A quien Dios ha perdonado...
La visión del beato Jean-Joseph Lataste para mujeres encarceladas
Por: Ann Bottenhorn
Poco después de cumplir treinta y dos años, el sacerdote dominico Jean-Joseph Lataste tuvo la oportunidad de compartir el mensaje de la misericordia de Dios con un grupo de mujeres encarceladas. Su breve retiro fue el inicio de un dinámico ministerio para mujeres que sufrían grandes lesiones emocionales. El Padre Lataste murió menos de cinco años después, a la edad de treinta y seis años, pero el origen de la historia de las dominicas de Betania ofrece al mundo un signo conmovedor de las profundidades de la misericordia de Dios y de su poder para sanar plenamente a sus hijos.

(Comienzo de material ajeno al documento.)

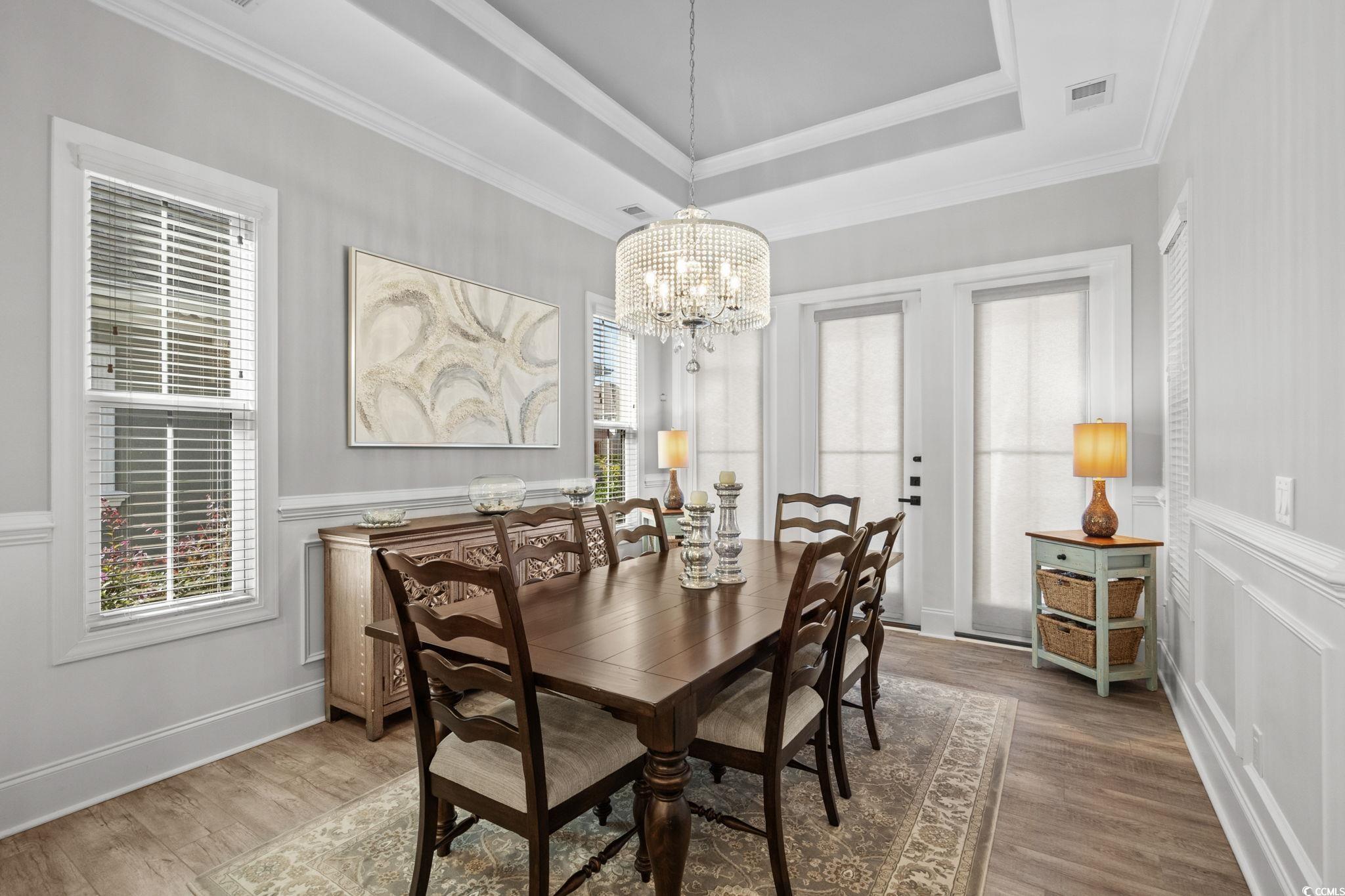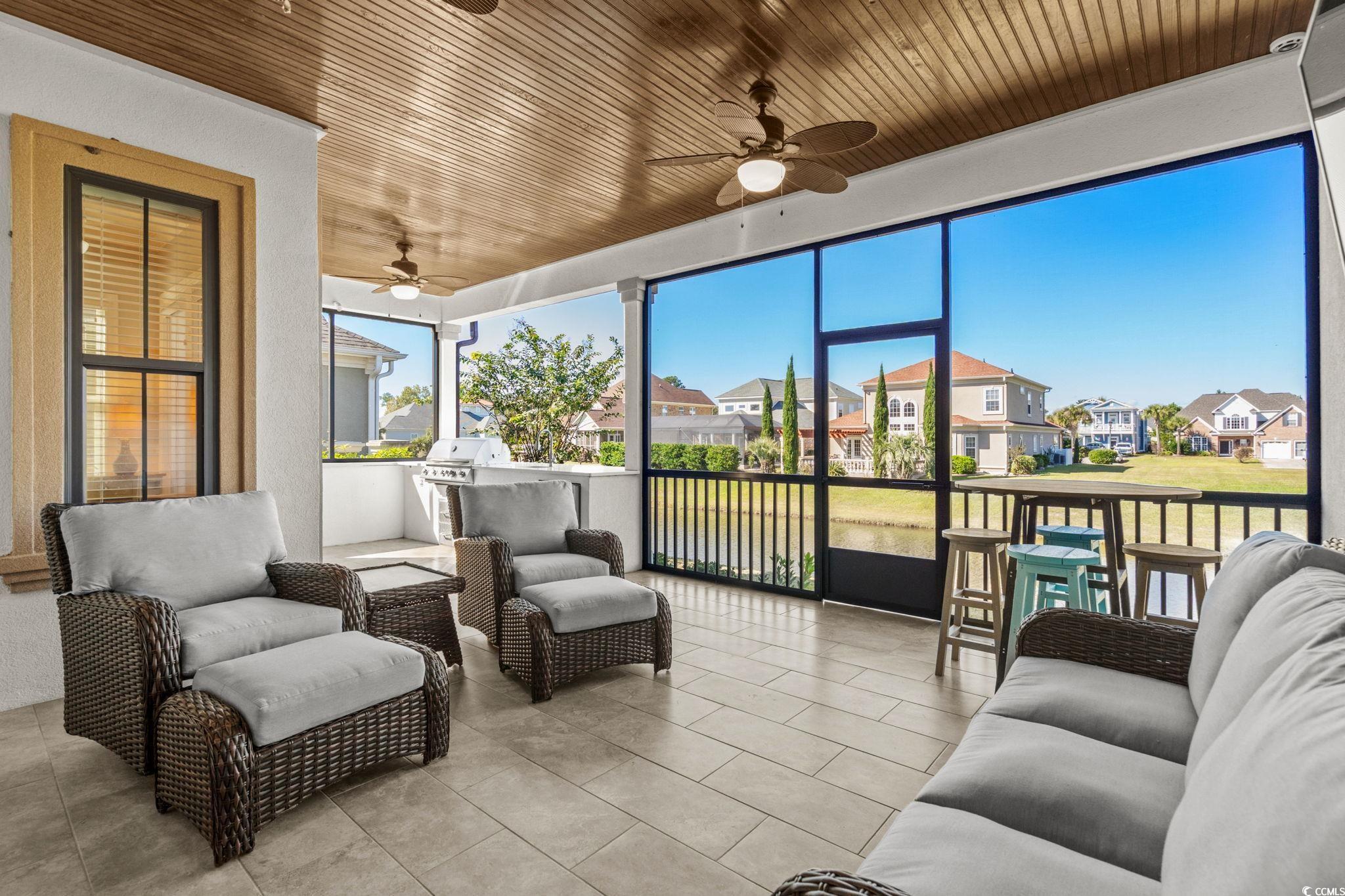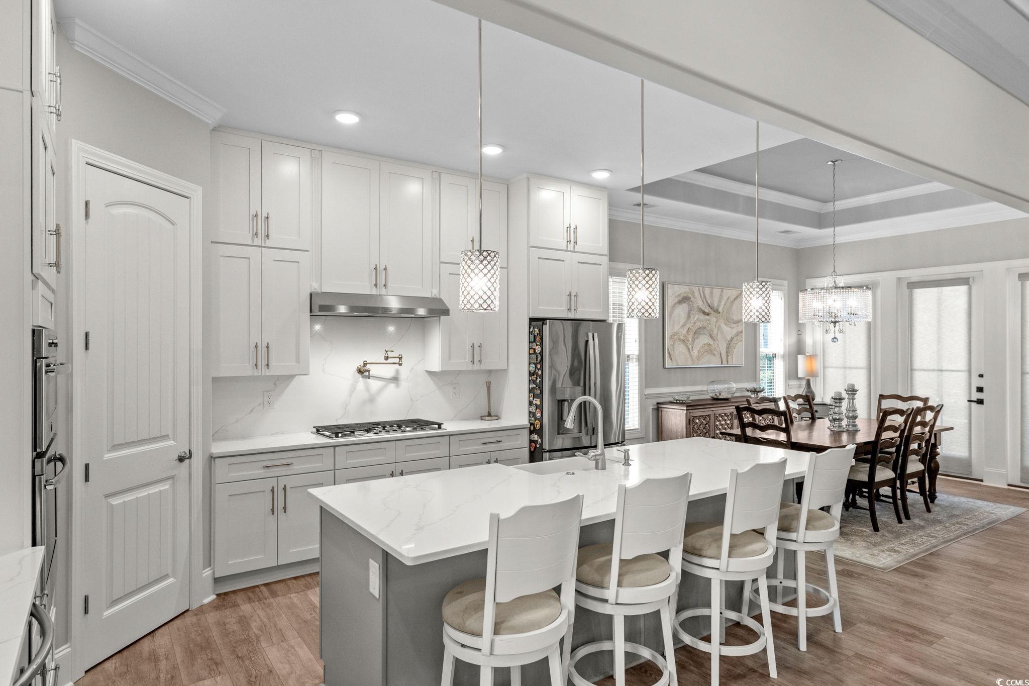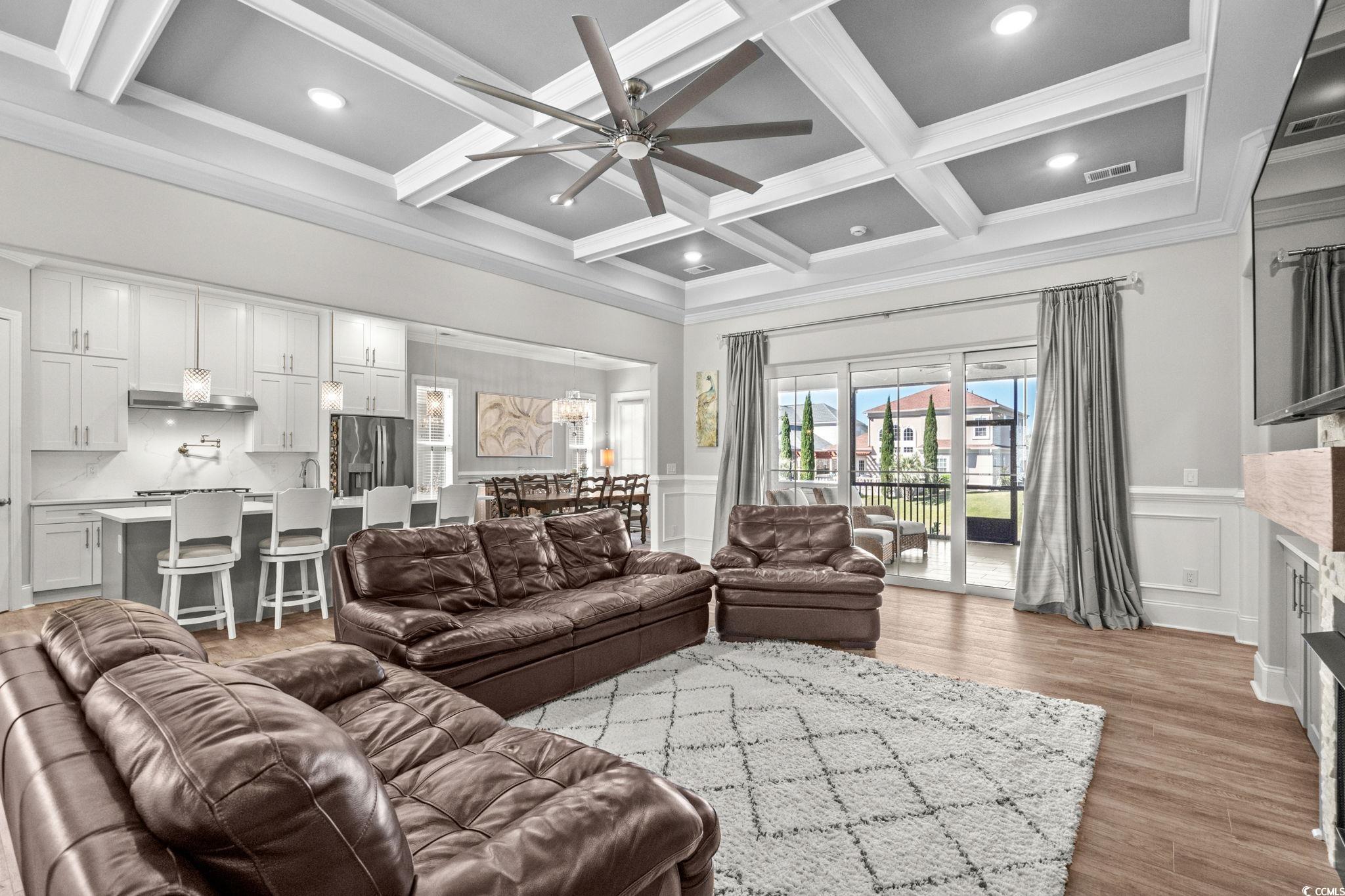 This stunning 4-bedroom, 4.5-bath Contemporary Craftsman home perfectly blends elegance, comfort, and modern design. This home offers an effortless flow and thoughtful layout for everyday living and entertaining. Inside, you'll find beautiful crown moldings, tray ceilings, bullnose corners, and luxury flooring throughout. The inviting living area features a cozy fireplace and abundant natural light from custom windows designed to capture serene pond and fountain views. The gourmet kitchen is a true showpiece featuring distinctive quartz countertops that extend seamlessly as a backsplash for a clean, modern look. Stainless-steel appliances include a gas cooktop, built-in wall oven and microwave. A large center island with breakfast bar, extended dining area, and solid wood cabinetry running to the ceiling complete this elegant culinary space. The spacious primary suite includes dual closets plus a separate shoe closet. The spa-like bath offers a stand-alone tub, an oversized shower with a built-in bench, and sophisticated finishes. Upstairs, a large bonus room with a full bath can serve as a second master suite, guest space, or media room. Outdoor living shines here with a covered porch featuring a ceiling fan, a summer kitchen, and relaxing pond views. Additional highlights include seamless gutters, raised slab foundation, and energy-efficient certification. Located in the gated community of Carolina Waterway Plantation, residents enjoy access to a furnished clubhouse with kitchen and banquet room, outdoor grill area, pool, playground, gazebo, tennis courts, walking trails, boat ramp, and RV/boat storage. Experience modern craftsmanship and luxury coastal living. Schedule your private tour today!
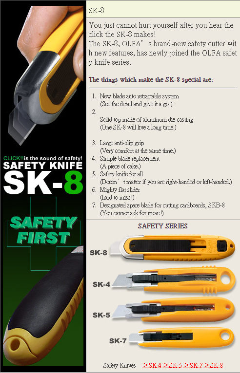日本 OLFA 新型安全工作刀 /支 簡易塑膠袋裝 SK-8/24
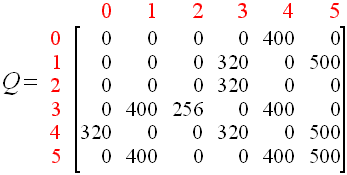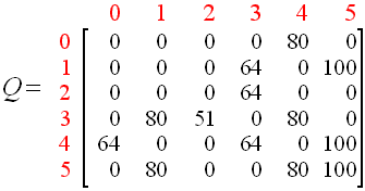 对矩阵进行规范化,每个非零元素都除以矩阵Q的最大元素(这里为500),可得(这里省略了百分号):
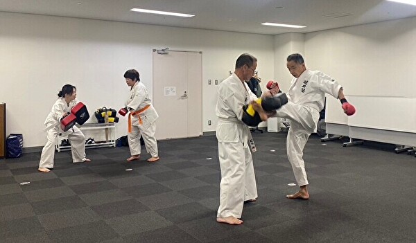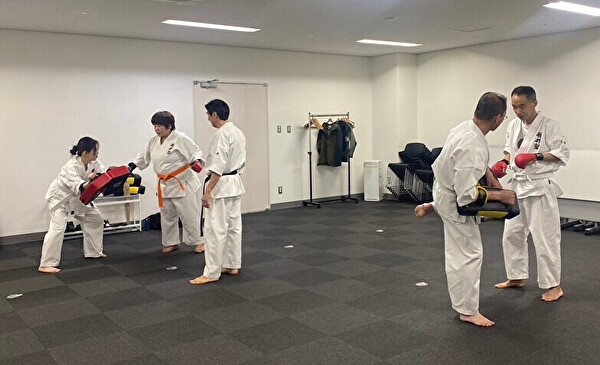 横向きに蹴ってみると実際あまり足が上がらないこと、後ろ蹴りは前に倒れるようにしつつ後ろの相手を見ながら蹴る、というのをリズムよく行うのが難しかったです。
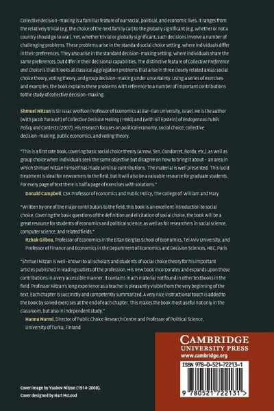 'This is a first rate book, covering basic social choice theory (Arrow, Sen, Condorcet, Borda, etc.), as well as group choice when individuals seek the same objective but disagree on how to bring it about - an area in which Shmuel Nitzan himself has made seminal contributions. The material is well presented. This lucid treatment is ideal for newcomers to the field, but it will also be a valuable resource for graduate students. For every page of text there is half a page of exercises with solutions.' Donald Campbell, College of William and Mary
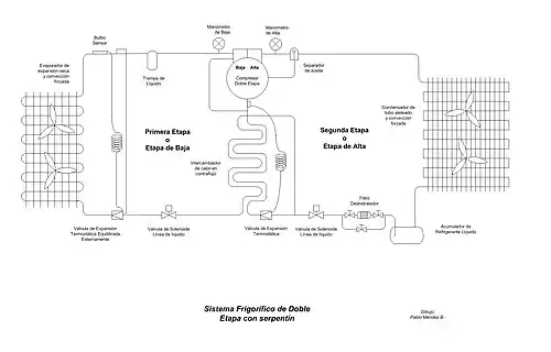 El sistema frigorífico de doble etapa consiste en forzar la circulación del gas refrigerante por dos etapas, denominadas de alta y baja presión por el interior de un compresor especial denominado compresor de doble etapa. Este artificio es necesario a fin de alcanzar menores temperaturas de evaporación con un solo compresor sin aumentar su relación de compresión.

Mujeres sin esperanza. Jean-Joseph Lataste nació con el nombre de Acide-Vital Lataste el 5 de septiembre de 1832, en Cadillac, Francia. A unos cuarenta kilómetros del río Garonne, al otro lado del puerto de Burdeos, unas cuatrocientas mujeres cumplían sentencias en la prisión de Cadillac. El penal se encontraba en un castillo que se veía formidable por fuera y que alguna vez fue opulento, pero que para ese momento era lúgubre, húmedo y casi desprovisto de muebles, apenas los necesarios para subsistir.
La vida de las prisioneras de Cadillac era miserable debido al frío, la desnutrición y la falta de higiene. La disciplina era severa; el temor y la desesperación despedían un hedor persistente. Pasaban largas horas haciendo trabajos forzados en completo silencio y solamente recibían dos escasas comidas al día. La sociedad francesa consideraba que estas mujeres —condenadas por infanticidio, prostitución y robo— eran un virus contagioso, y el encarcelamiento era la forma de contener la infección. En prisión, ya fuera por diez, veinte años o de por vida, se les recordaba continuamente la maldad que habían cometido. Muchas se desesperaban y cometían suicidio.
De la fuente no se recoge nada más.